Luckily the editors are nice enough to explain what makes Fear so "powerful," and that's "because it really could happen.  And that is terrifying."

Scary stuff, right?  Well, I should probably mention the one-sentence synopsis on the back of the book:

The terrifying tale of a man who loses four hours of his life and begins to go mad as he tries to remember what happened.

Try not to make any hangover-related jokes, okay?

Also, check out that front cover, which would look better on the side of a van than the cover of a horror story.  The title barely legible in lurid yellow-green outline text.  A dude trying to keep his hat as he's gobbled up by a giant serpent-dragon, also outlined in yellow.  A full moon, because wolves howl at them and wolf howls are scary.

That hat at least is relevant to the plot, and I think there might be a moon in there, but the snake is definitely the product of artistic license.  Unless it's supposed to be symbolic of... well, we'll try to figure that out later.

Before we dig in, there's one last warning from our author:

There is one thing which I wish the reader could keep in mind throughout, and that is: this story is wholly logical, for all that will appear to the contrary. It is not a very nice story, nor should it be read alone at midnight - for it is true that any man might have the following happen to him. Even you, today, might lose four hours from your life and follow, then, in the course of James Lowry.
- L. Ron Hubbard

That's right, even if you read it and think to yourself, "none of that made a lick of sense," it was logical despite evidence to the contrary.  So there.

Let's see how many hours we can lose in this, shall we?

Saturday, August 16, 2014

Mission Update

As much as I'd love to announce the grand opening of a new website, the actual construction process is going so well I'm starting to wonder whether sticking with Blogger wasn't the better idea. 

Since my consolidated amateur literary criticism website isn't going to be finished in the immediate future, and the process of building it is so irritating I really need to give something a good sporking, I think I'm going to continue to post on this blog for the time being as a sort of stopgap measure.  I'm assured that there will be a way to transfer a Blogger site's contents to it, so the eventual transition should be easy.

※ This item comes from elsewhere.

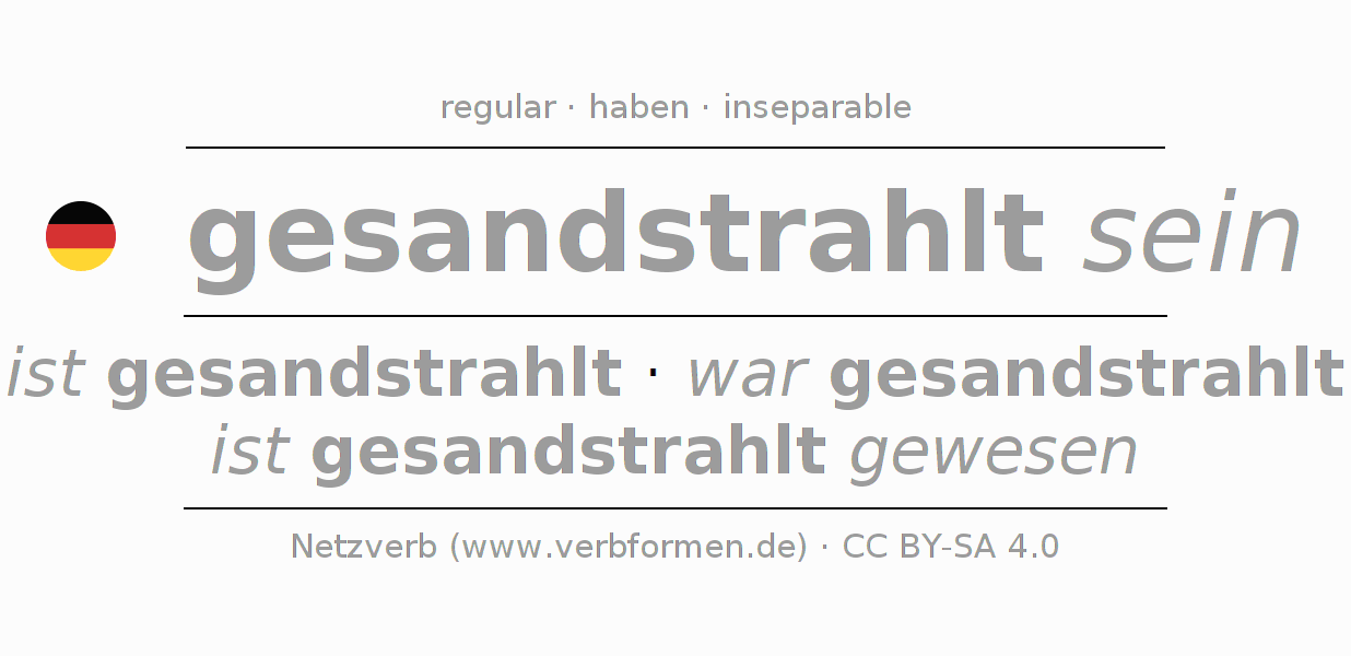 The conjugation of sandstrahlen in Infinitive Present Perfect base form Statal Passive is gesandstrahlt sein, gesandstrahlt zu sein.The conjugation corresponds to certain grammatical rules. Likewise the requirements for the conjugation of the simple verb forms of sandstrahlen in Infinitive. Comments ☆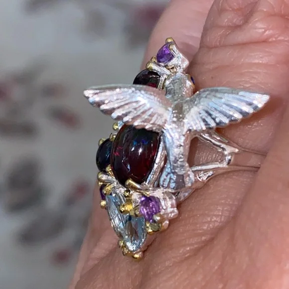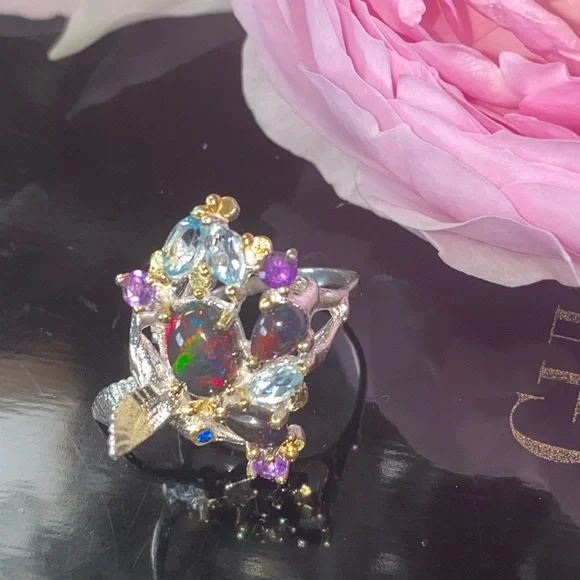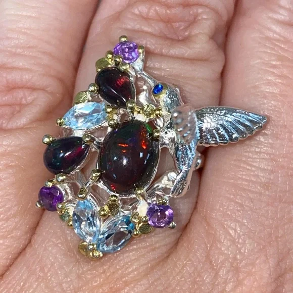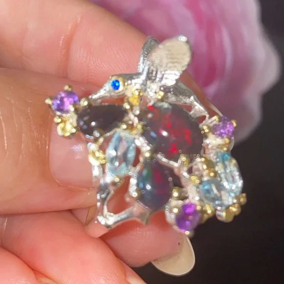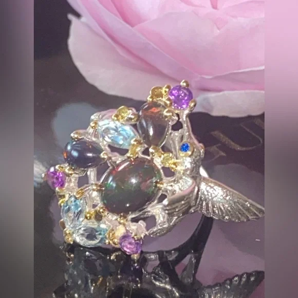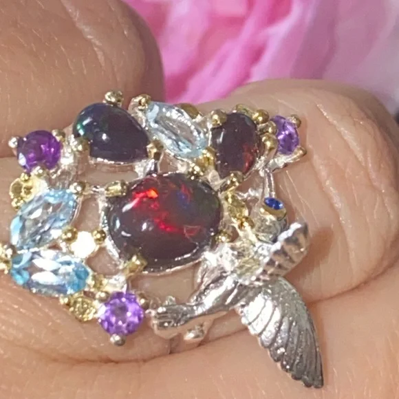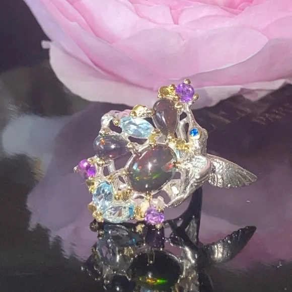 The “Hummingbird “ ring! Genuine Ethiopian Black Opals, artistically accented with sky blue Topaz, Amethyst. 925 sterling silver with 14 K white gold overlay and yellow gold accents. So unbelievably beautiful, feminine and one of a kind!Brand new, pristine condition

At any rate, this next project will start sometime tomorrow.  The subject will be revealed then, but here's some hints: it's a Hubbard work, but a standalone novel, not a serial, and it predates Dianetics.  I saw it advertised in the back of several Mission Earth novels, and it's apparently Issac Asimov's favorite Hubbard story.

I've already read it, and while it feels astonishingly short compared to what I've worked with before, it has a winsome kind of stupid to it, as well as several moments where it almost succeeds at what it's trying to do.  Should be fun.